To finish, some words on the critical dimension of this book. Bonnet is not afraid of criticizing certain aspects and products of digital writing. Not because there are works and authors he dislikes (he has the elegance to avoid any personal attacks), but because digital writing involves certain structures and mechanisms that engender serious problems for all those wo dare take the risk to become screen-writers and to write digital-born works. Bonnet does not fall prey to naïve praise: his analysis of the residency system is ruthless, for instance (and one feels vicarious shame for all the authors who are forced to more or less hypocritically play a game that most of them have never chosen). The most crucial issue is however that of “quality”, for even if it is often difficult to define what this term means, most readers feel that quality is not always present in what they are reading (and they show what they feel by stopping to read the often endless blogs and sites that try to invent the new forms of writing in the digital era). 
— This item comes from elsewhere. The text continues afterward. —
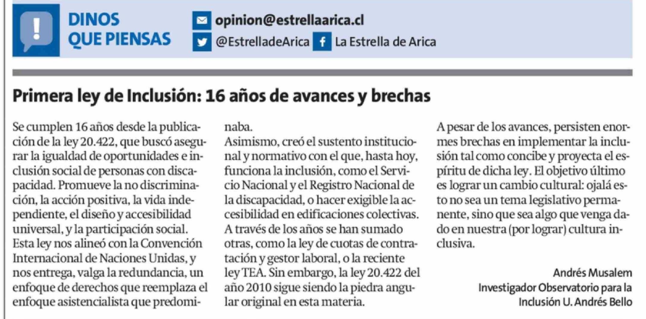 Primera ley de Inclusión: 16 años de avances y brechas 14-02-2026 La Estrella de Arica |

The reasons of this failure are not unknown. First of all, digital writing reshuffles the traditional mechanisms of literary mediation and selection (and without selection and mediation, culture, which is a social phenomenon, is simply not possible; for an analysis of the selection issue in the pocket book industry, see Jan Baetens: “Les livres de poche: une littérature exposée”, in Image (&) Narrative 18(4), 2017). The classic gatekeepers are no longer capable of (partially) controlling publication and reception, and this prompts much confusion: quality markers have to be reinvented, while the number of available texts is literally beyond any control (not only because too many works are put online, but because these works tend to become too long). Second, digital writing is by definition experimental and one cannot know in advance the rules and best practices of what is now being explored by trial and error. Yet this uncertaintly should not be a blanco cheque for anything goes. There is trouble in paradise and we have to say it. Bonnet clearly identifies all these problems, while resisting the temptation to build a canon. One can only hope that his example will be followed and implemented. Digital writing is not only in need of great apologists. It also needs critics fighting the silly idea that something is valuable because it is digital-born. That kind of technodeterminism may have been necessary when digital writing emerged in the literary field. Today, however, it has become harmful.
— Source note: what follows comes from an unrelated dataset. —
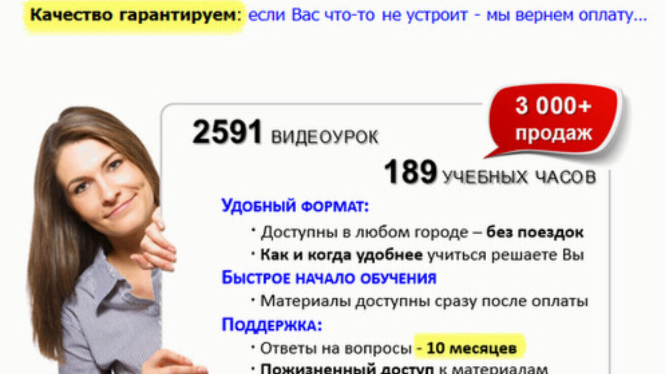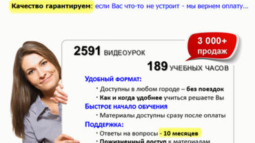 - 1254 видео-урока, 95 учебных часов (эквивалент: более 2 недель очных занятий)

Literature outside the book and transmediality

Ceci est mon corps (“This Is My Body”), an expression with strong biblical connotations, was the title of a three days gathering at the University of Montpellier 3 on the theme of the literary performance, more specifically on the performance of writers on stage (1). Mixing traditional communications, various forms of interactions between academics and authors, and a very rich program of actual performances (all one man or one woman performances, with relatively little technology involved), the conference had a twofold ambition, historical as well as theoretical. On the one hand, it aimed at challenging the idea that authors on stage are just a recent phenomenon. On the other hand, it tried to offer a new mapping of the field and to establish a workable taxonomy of the myriad of practices that characterize the general topic of literary performance.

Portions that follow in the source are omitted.